几份手写的任务记录和推论,一些零散的剪报和一叠抄录,一张褪色的照片——是霍夫曼和雅各布在某个酒馆里的合影,两个年轻人都笑得有点傻气,背景模糊不清。
还有一份名单。
那是一份用工整的钢笔字誊写在羊皮纸上的名单,标题是《欧利蒂斯庄园原工作人员及雇佣者名录,18XX年》。
纸张已经泛黄,边缘有烧焦的痕迹,像是从某次火灾中抢救出来的。
奥尔菲斯最初只是随意翻阅。
那些名字大多陌生——有几个不太熟悉的女仆,花匠托马斯,一个老厨师……都是些普通的佣人,在火灾后要么死去,要么逃离,要么下落不明。
还有一个姓氏……布兰奇?
好熟悉……但想不起来了。
或许也是丢失记忆的一部分吧。
直到他翻到第三页。
“巴尔克,工程师/建筑师,负责庄园防御机关系统设计及主宅西翼扩建工程。备注:技术精湛。”
这个名字像一根针,猛地扎进奥尔菲斯的记忆深处。
巴尔克。
那个总是穿着沾满油污的工装裤、手里永远拿着尺子和图纸的中年男人。
他的头发总是乱糟糟的,鼻梁上架着一副厚厚的眼镜,说话时眼睛从不看人,而是盯着对方身后的某件东西,好像那东西比对话本身更有趣。
奥尔菲斯记得他——七岁时的记忆虽然破碎,但某些片段异常清晰。
他记得巴尔克在地窖附近测量什么,嘴里念念有词;记得巴尔克在庄园后院的工棚里,对着一些奇怪的齿轮和发条装置敲敲打打;记得巴尔克曾经给他看过一个小巧的机械鸟,拧紧发条后,那只鸟会在桌上摇摇晃晃地走路,还会发出吱吱的叫声。
“噢,小鬼,快看。
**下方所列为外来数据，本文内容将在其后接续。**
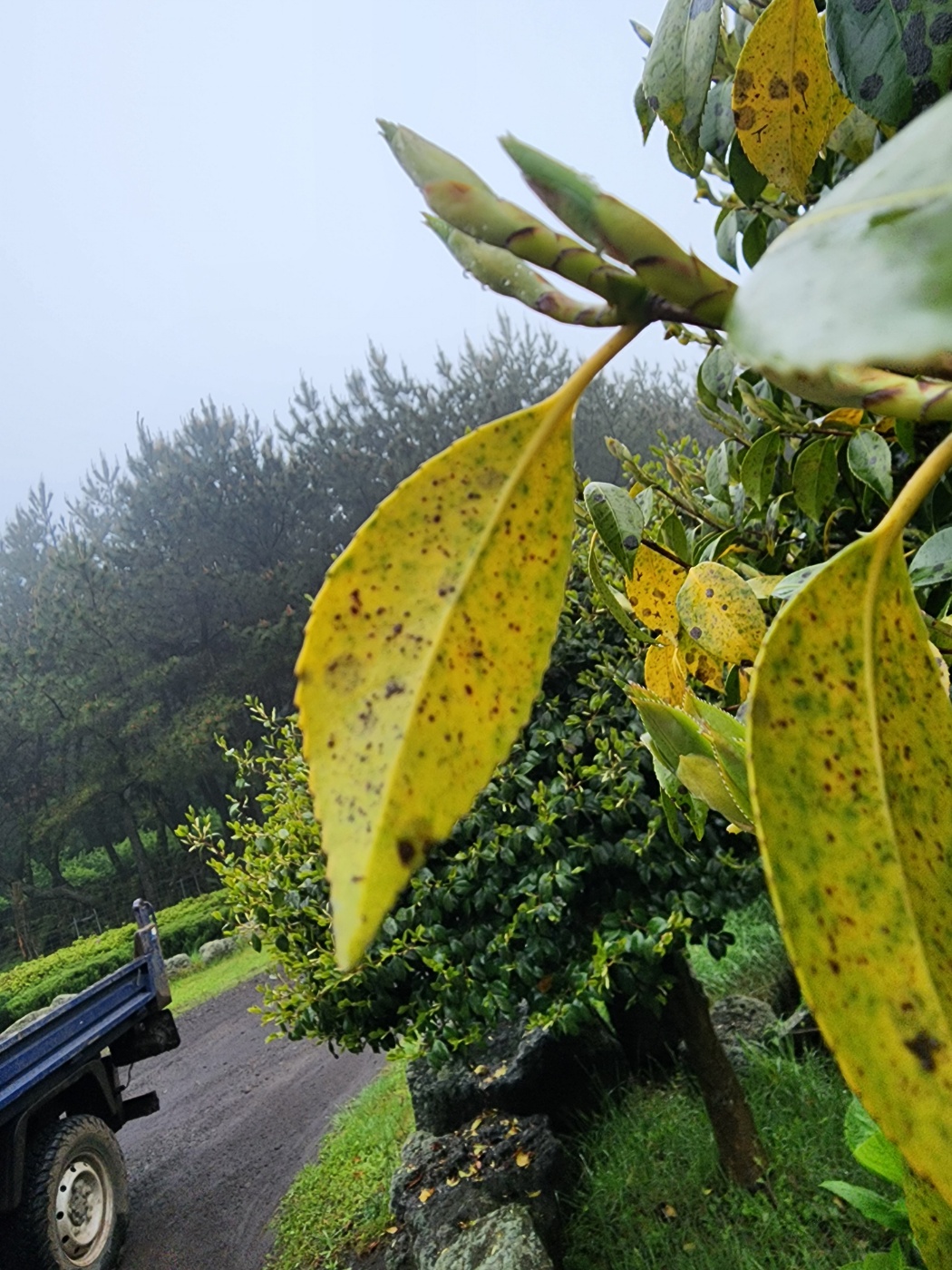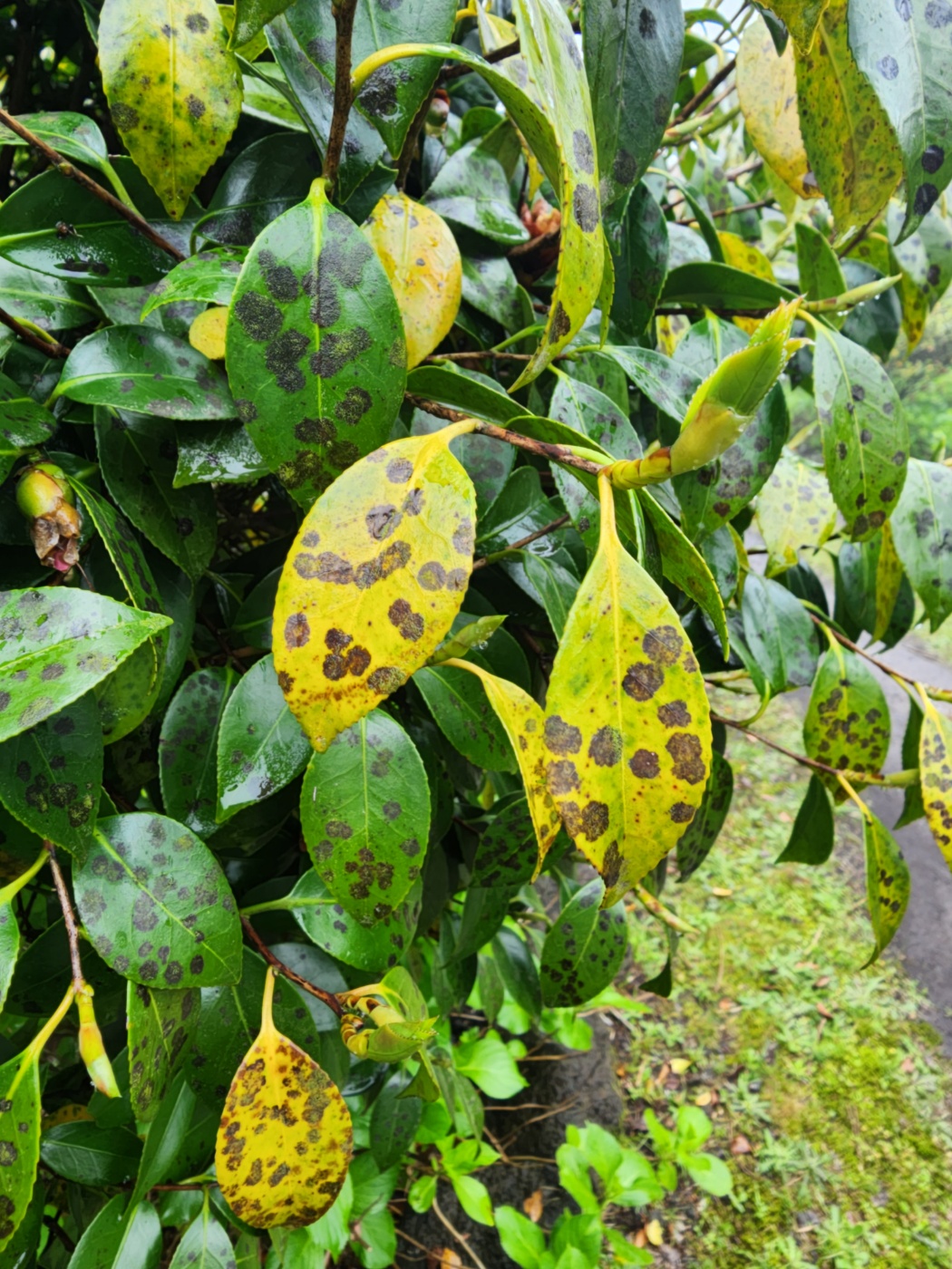 동백나무 잎에 검은 반점이 생기고 잎이 노랗게 변하고 있습니다.

这是我自己做的。”巴尔克当时说,语气里有一丝难得的自豪,“但它还不够完美。真正完美的机械,应该有生命,有灵魂,能够自己思考,自己行动。”
小奥尔菲斯当时觉得这想法很神奇。
“那可能吗?”
“可能。”巴尔克的眼睛在镜片后闪闪发亮,“只要有足够的时间,足够的材料。”
火灾发生后,所有人都消失了——死的死,逃的逃。
奥尔菲斯一直以为巴尔克也死了,或者至少离开了英国,去了某个遥远的地方继续他的机械梦。
但现在,这份名单暗示着另一种可能:巴尔克还活着。
而且,如果霍夫曼特意把这份名单藏起来,那说明巴尔克的存在,对奥尔菲斯、对七弦会、对正在进行的“游戏”,可能有某种特殊的意义。
奥尔菲斯合上抽屉,走到书架前,抽出一本厚重的伦敦工商名录,手指沿着字母顺序向下移动。
找到了。
“巴尔克,机械工程师,注册地址:伦敦东区,白教堂路27号B座。业务范围:钟表维修、小型机械装置定制、特殊锁具设计。”
地址还在,业务还在。
这意味着巴尔克至少到最近还在伦敦活动。
奥尔菲斯走到床边,轻轻摸了摸弗雷德里克的脸颊。
“弗雷德,醒醒。”
弗雷德里克皱了皱眉,眼睛没睁开,只是含糊地嘟囔了一句:“怎么了……”
“有急事。”奥尔菲斯说,声音里带着一丝不容置疑的紧迫感。
弗雷德里克终于睁开眼睛,银灰色的眼眸在晨光中显得朦胧而迷茫。
“我需要维奥莱特去办件事。”奥尔菲斯坐回书桌前,快速写下一张便条,“今天,马上。”
弗雷德里克坐起身,揉了揉眼睛。
“维奥莱特?她不是在监视那批新到的参与者吗?”
“换个人去监视。”奥尔菲斯将便条折好,用火漆封好,盖上渡鸦纹章,“这件事更重要。”
他起身走到壁炉旁,拉动一根隐蔽的铃绳。
几分钟后,索菲亚轻轻敲了敲门,然后推门进来。
“先生?”她穿着整洁的黑色制服,头发一丝不苟地盘在脑后。
“把这封信交给维奥莱特。”奥尔菲斯将封好的便条递给她,“让她立刻出发,不要耽搁。任务详情在里面,完成后直接向我汇报,不用经过其他人。”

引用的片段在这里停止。